An INFINii participant has a right to cancel at any time, regardless of reason. Cancellation must be submitted in writing to the Company at its principal business address, or via email to INFINii. The written notice must include the Affiliate's signature, printed name, address, and Affiliate ID Number.
SECTION 10 - DEFINITIONS
AGREEMENT: The contract between the Company and each Affiliate; includes the Affiliate Agreement, the INFINii Policies and Procedures, and the INFINii Affiliate Commission Structure, all in their current form and as amended by INFINii in its sole discretion. These documents are collectively referred to as the "Agreement."
CANCEL: The termination of a Affiliate's business. Cancellation may be either voluntary, involuntary, or through non-renewal.

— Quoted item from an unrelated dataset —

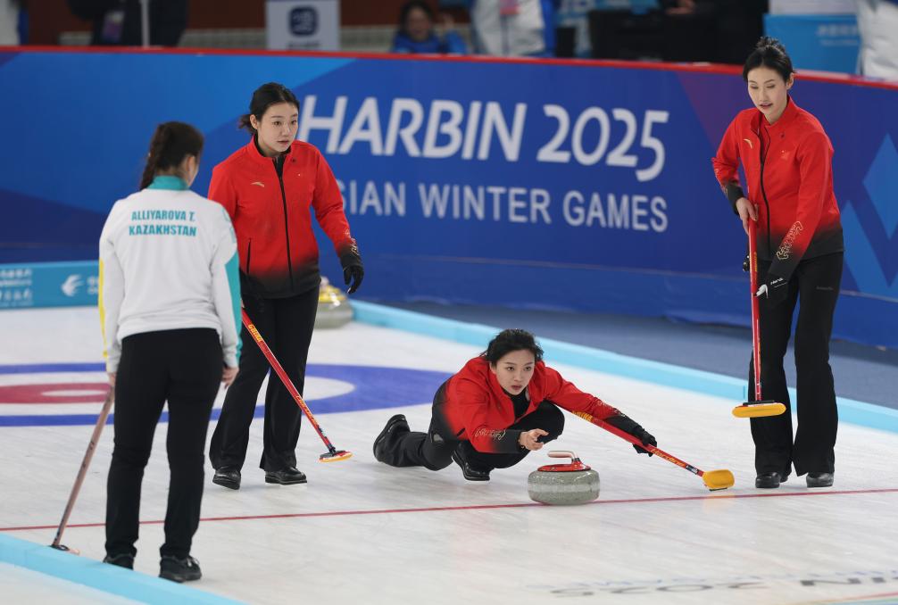 中國女隊(duì)當(dāng)日迎來一日兩賽,晚場比賽的對手是哈薩克斯坦隊(duì)。開局后,中國隊(duì)先進(jìn)入狀態(tài),前兩局得到5分,哈薩克斯坦隊(duì)在第三局后手拿到2分,之后兩局中國隊(duì)又得4分,將分差進(jìn)一步拉大。第六局,哈薩克斯坦隊(duì)?wèi){借最后一投的完美出擊得到2分,但第七局中國隊(duì)再拿2分,以11:4的比分奠定勝局,哈薩克斯坦隊(duì)提前一局握手認(rèn)輸。

AFFILIATE COMMISSION STRUCTURE: The guidelines and referenced literature for describing how Affiliates can generate commissions and bonuses.
CUSTOMER: A Customer who purchases INFINii products and does not engage in referring other customers to INFINii.
AFFILIATE: An individual who refers INFINii products and receives a commission.
OFFICIAL INFINii MATERIAL: Literature, audio or video tapes, and other materials developed, printed, published, and distributed by INFINii to Affiliates.